All in a story that, although supported by a voice-over that takes up the key dates of the artistic development of Arte Povera, develops in a dynamic and warm flow of atmospheres and emotions not rigidly linked to chronology.
The story begins with the publication in the magazine Flash Art in November 1967 of the writing: Arte Povera: notes for a guerrilla war, where Celant theorises the guiding principles of the movement. To then continue with the first exhibition held at the La Bertesca gallery in Genoa and the following one in Bologna at the De Foscherari Gallery. These are the two exhibitions that in some way define the group of artists participating in the movement.
We then move on to address the artistic-cultural climate of the city of Turin where the majority of artists come from and where there are galleries that immediately embrace new art. We also introduce Rome, where Jannis Kounelli and Pino Pascali come from and where the visionary gallerist Fabio Sargentini works.

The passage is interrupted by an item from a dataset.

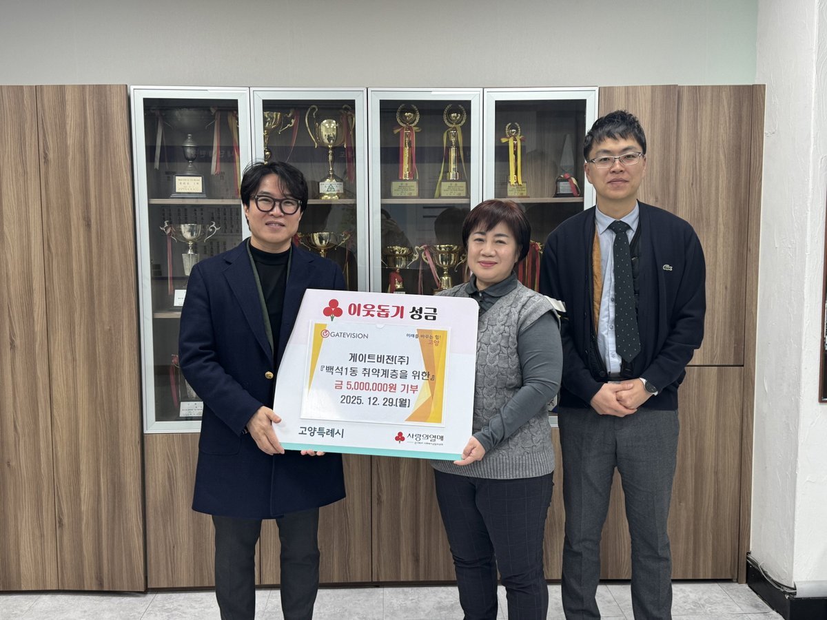 오미근 백석1동장은 “어려운 경제 여건 속에서도 이웃을 위한 나눔에 동참해 주신 게이트비젼㈜ 임직원 여러분께 깊이 감사드린다”며 “소중한 성금이 꼭 필요한 분들께 잘 전달될 수 있도록 최선을 다하겠다”라고 말했다.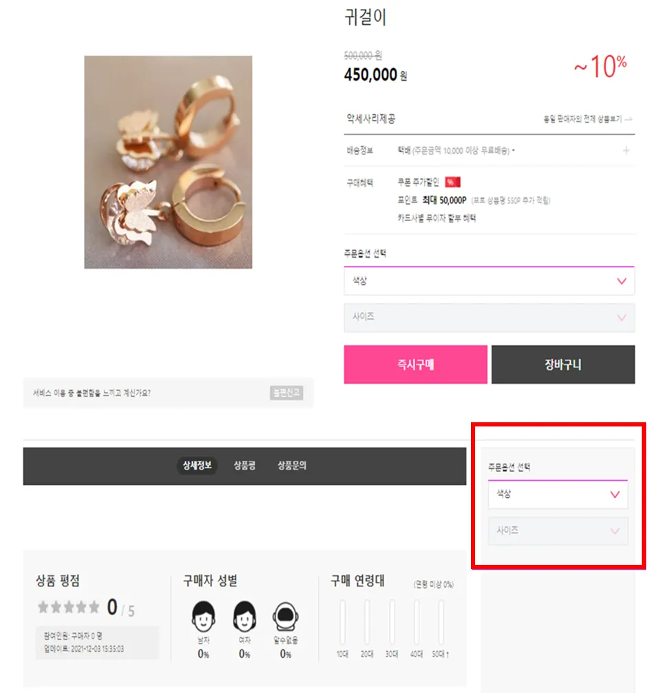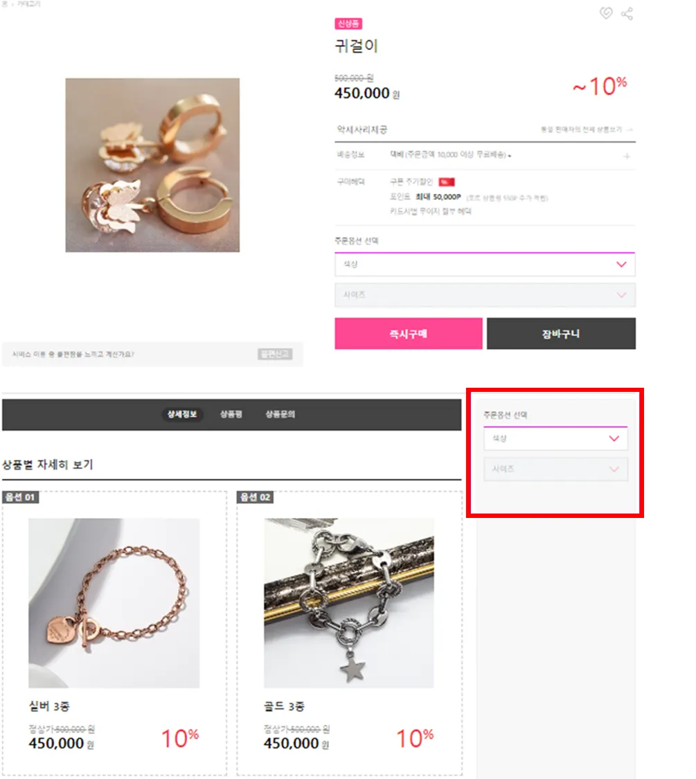 상품페이지 옵션 선택 메뉴를 추가로 노출하는 기능입니다.

The story continues with the protest at the 1968 Venice Biennale and the subsequent Amalfi exhibition Arte Povera + Azioni Povere, fundamental for the development of the movement.
Finally, the exit from Italian territory and the triumph in European museums and galleries, and the end in 1972 of a movement that was too heterogeneous to survive the test of time.
5 crazy and engaging years followed in 1985 by the exhibition The Knot at Ps1 in New York, where Celant, faced with the ebb of the market, reiterated the importance of Arte Povera by challenging the dictates of the market in the capital of the Empire.
With the Knot exhibition, Arte Povera is established as the most important European movement of the end of the 20th century. A movement that brings with it a legacy that is still very present in the contemporary panorama.